--- Data segment Enclosed Below ---
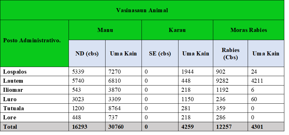 Dadus VASINASAUN animal tINAN 2025
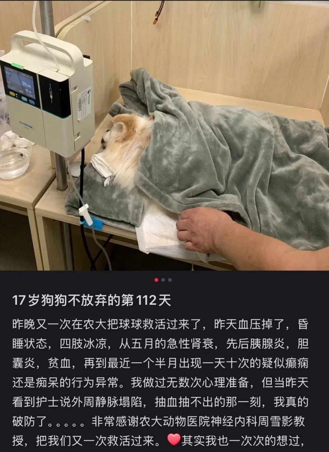 还有朋友的17岁“老小狗”,分别经历急性肾衰、胰腺炎、胆囊炎、贫血、昏迷之后,还是被医生们从生死线上拉了回来。
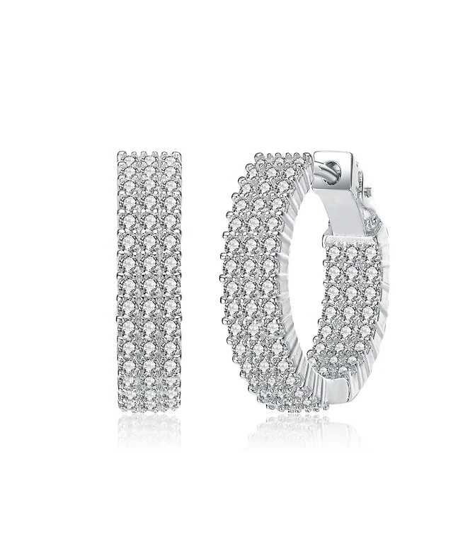 Rhodium Plated Cubic Zirconia Three Row Hoop Earrings
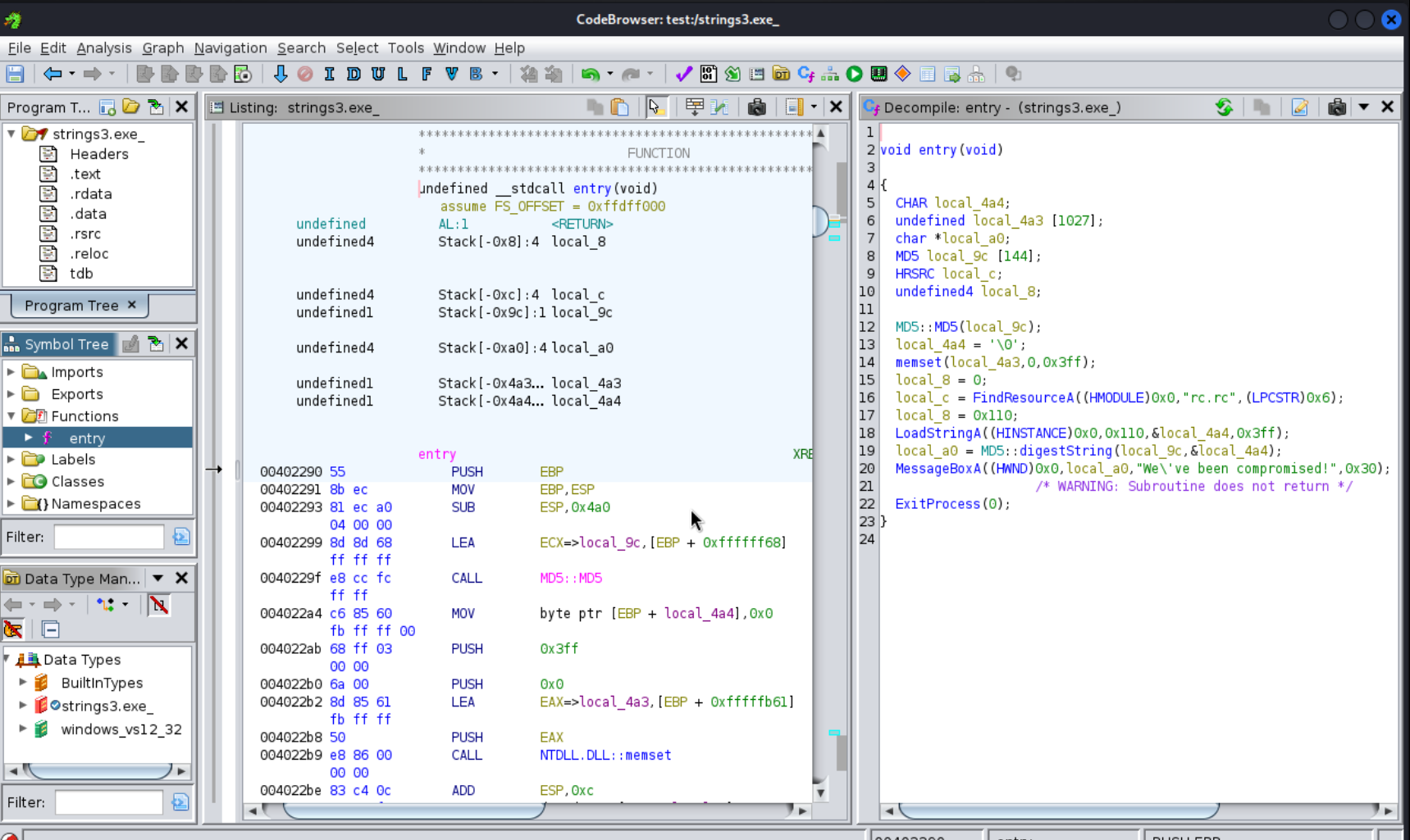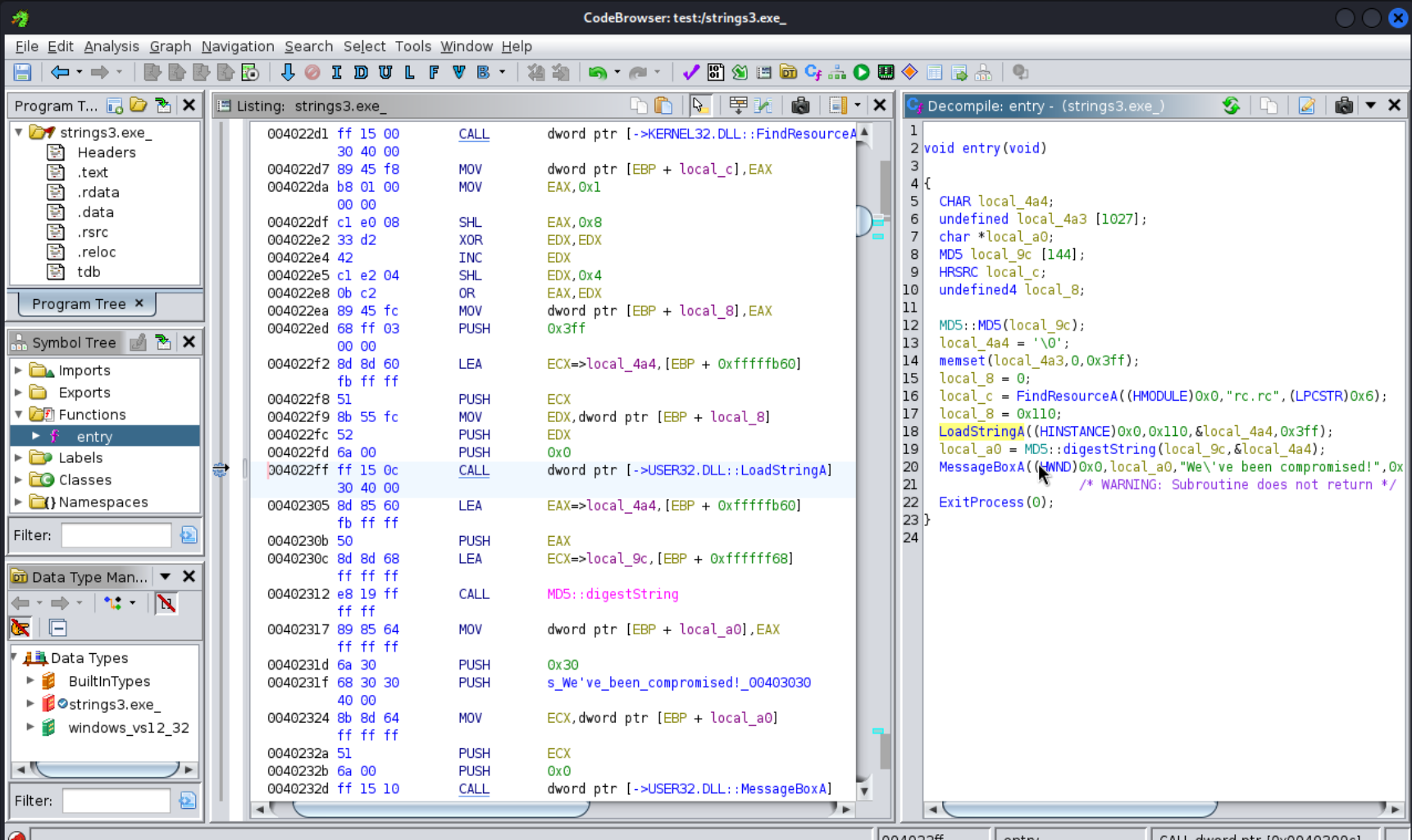 목표 : strings3.exe_ 실행 파일이 출력하는 MD5 해시의 원본 문자열 플래그를 찾는 것입니다.
--- End of Enclosed Data segment ---
> _Problem to solve_:
Precisely the lines from the one containing "Rhodium Plated Cubic" to the end of the data above, both included, should be printed; leave the pictures out.

> _Your response_:
 Rhodium Plated Cubic Zirconia Three Row Hoop Earrings
 목표 : strings3.exe_ 실행 파일이 출력하는 MD5 해시의 원본 문자열 플래그를 찾는 것입니다.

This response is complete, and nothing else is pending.